In brief – London in the Georgian Golden Age

The busy Cheapside in the heart of the City of London in 1750, lined with shops and inns, and dominated by St. Mary-le-Bow church on the right.

Growing wealth in London fuelled a flowering of the arts, philosophy, and architecture. There were further developments to the north of Oxford Street that expanded the conurbation. Catholic emancipation provoked the anti-Papist Gordon Riots in London.

The Peace Treaty of Paris in 1763 ended the Seven Years War, leaving Britain as the world’s dominant colonial power and the strongest maritime nation. Britain also had a new, young, truly British king on the throne in George III. Improvements in farming and manufacturing techniques and growing trade with an expanding empire were increasing the wealth of many people. There was a new wave of optimism that was to last until around 1793 with the news of the French Revolution and the start of the French Revolutionary War. That thirty year period marked a high-point in Georgian confidence, vitality and culture and is known as the ‘Golden Age’.

The conclusion of the Seven Years War secured Britain’s trade with large parts of North America and the West Indies to add to that of India and the earlier American colonies. Britain’s imports and exports rose five-fold during the 18th century in what was described as the ‘Commercial Revolution’. A large proportion of that passed through the Port of London or was dealt with by London-based merchants. Many of the sugar and tobacco plantations of the Caribbean that were worked by slave labour, making high profits, were owned by absentee landlords who lived in, or had townhouses in London. Britain was undergoing an Industrial Revolution and some of the proceeds were finding their way to the capital in the form of profits on investments or property ownership.

New wealth created a growing, educated, middle class, with an appetite for entertainment and the arts. It was a time when writers such as Samuel Johnson, and Laurence Sterne, the artists Joshua Reynolds and Thomas Gainsborough and architect Robert Adam were able to thrive and produce the great work of the period. The MP Edmund Burke introduced the philosophy of the sublime. The class divide had begun to blur, with artists Alan Ramsey and Reynolds, the actor David Garrick, and architect Sir William Chambers able to mix socially on an equal level with aristocrats and royalty. The eight-year old Mozart visited for a year and his earliest symphony was performed in London in 1764.

It was from the middle of the 18th century that British artists became accepted as equals to those on the Continent. The most prominent, such as Allan Ramsey, Reynolds and Gainsborough, were primarily based in London. A group of them began organizing annual exhibitions, which led to the formation of the Royal Academy in 1768, with Reynolds as its first president.

There was a boom in building design during the period and a broadening of styles, with many grand London mansions created for wealthy aristocrats where they could entertain other leading people of the time. The Palladian style that had become pre-eminent in previous decades was continued by William Chambers, designer of Somerset House. Henry Holland was also one of the old-school architects, as seen in his design of Dover House on Whitehall for the Duke of York and his conversion of Carlton House as a home for the Prince of Wales.
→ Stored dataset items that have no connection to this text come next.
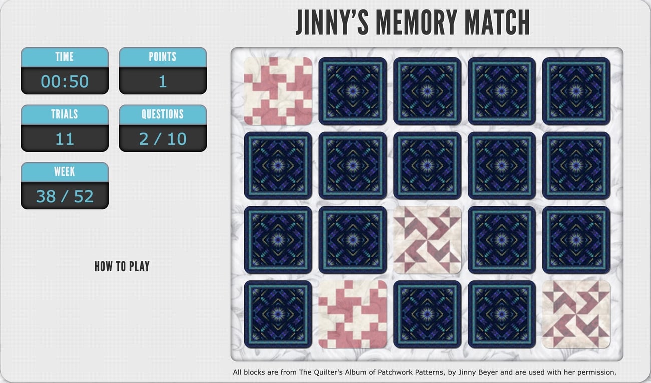 Are you going through the motions and just getting the same time every week when you play Jinny Beyer's Memory Match? Well, now it's time to step up your game and prove to everyone else you're the best around! |
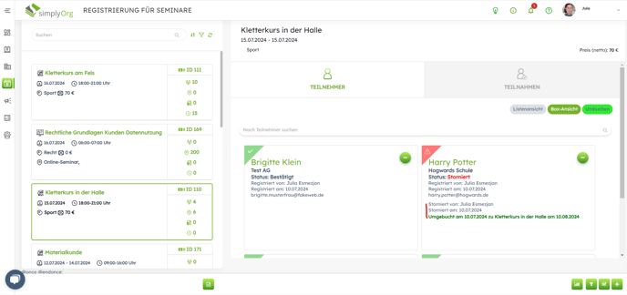 Fehlerhafte Darstellung des Teilnehmer Status im Modul Seminar Registrierung nach mehrfacher Umbuchung
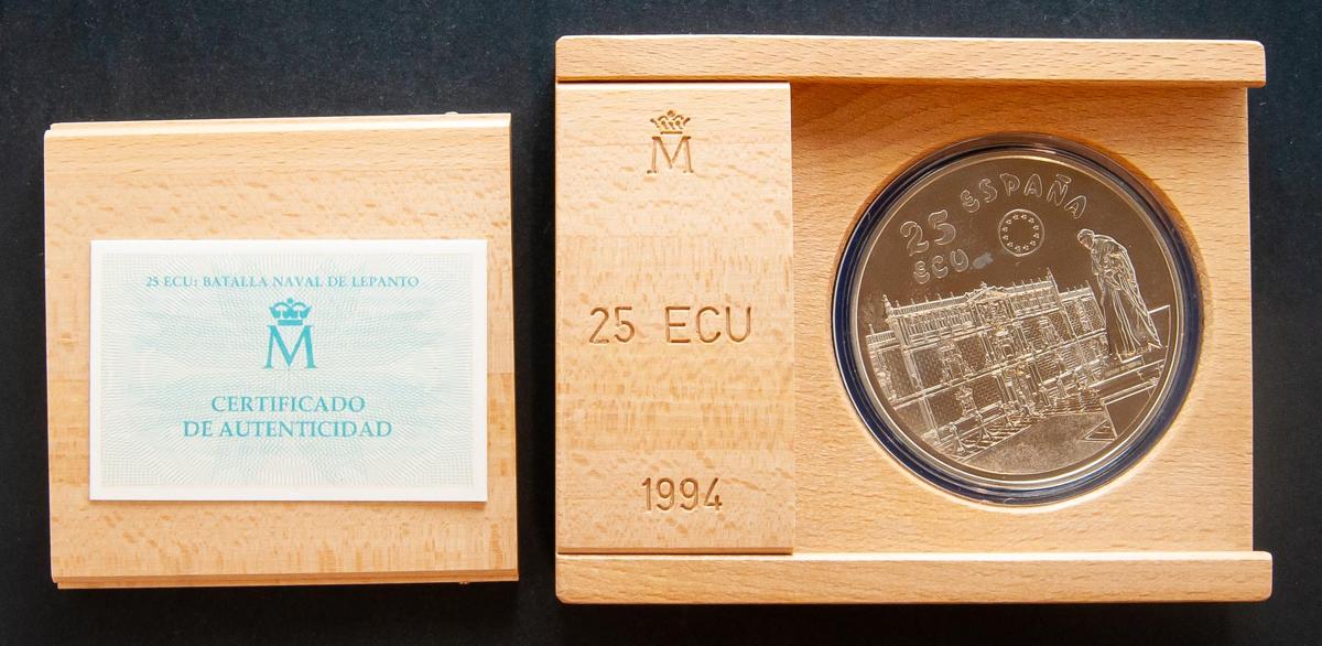 JUAN CARLOS I (1975-2014). 25 Ecu. (Ar. 168,75g/73mm). Cervantes Don Quijote. Batalla de Lepanto. 1994. FNMT. FDC. Presentada en estuche oficial y con certificado de autenticidad. 15.000 unidades acuñadas.
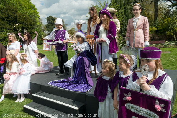The Beckenham May Queen and her group pose for pictures after she has been crowned
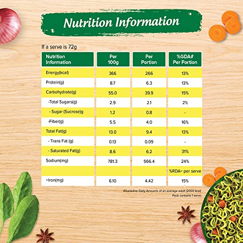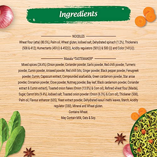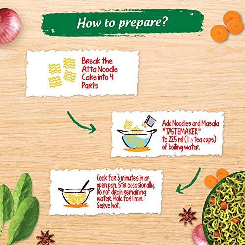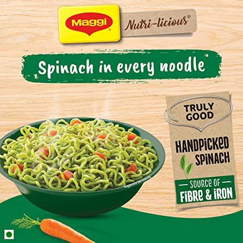 Make ordinary moments extraordinary with the new Maggi Veg Atta which now comes with an awesome surprise of âSpinach in every noodleâ. It has an appetizing aroma and delicious masala taste made using 20 spices and herbs. Maggi Nutri-licious Masala Veg Atta Noodles with handpicked spinach are truly a good combination of delicious and tasty wheat flour (atta) spinach colourful vegetables & 20 spices & herbs. Maggi Nutri-licious Masala Veg Atta Noodles with spinach is also a great source of fibre & iron making it a deliciously filling meal. STORAGE INSTRUCTIONS: Store in a cool dry & hygienic place to protect from insects pests & strong odours.
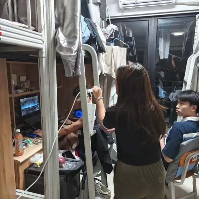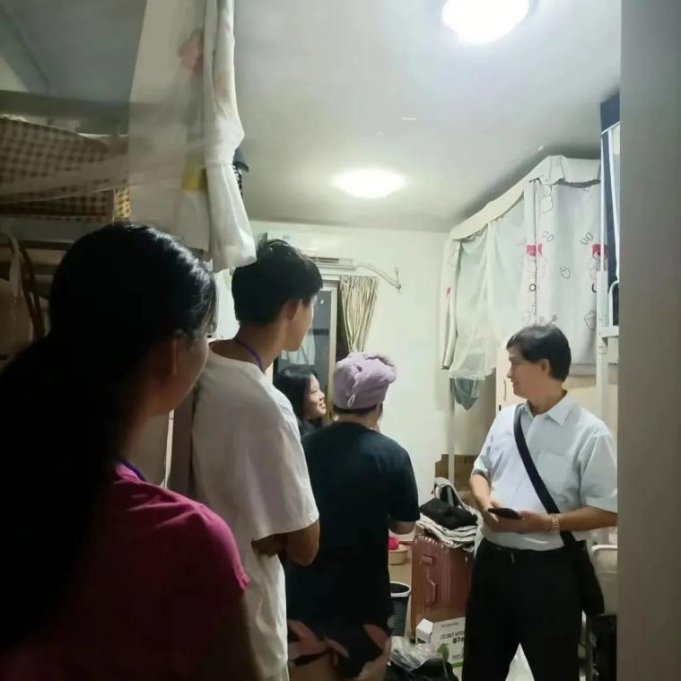 在查寝过程中,辅导员与学生们亲切交流,了解学生的回校情况,讲述了两点开学相关事宜:

At the other extreme Robert Adam and his brothers introduced a lighter, more frivolous style that they used in their large Adelphi housing block adjacent to Somerset House between the Strand. The two developments created an almost unbroken embankment along the Thames.

James Wyatt veered between Adam-style and Gothic, while George Dance the Younger produced buildings of a more utilitarian nature for the City of London, such as Newgate prison, and John Soane created the new Bank of England. Grand buildings of the time were often faced with the newly-developed ‘stucco’ to give the impression of being built of the more expensive stone.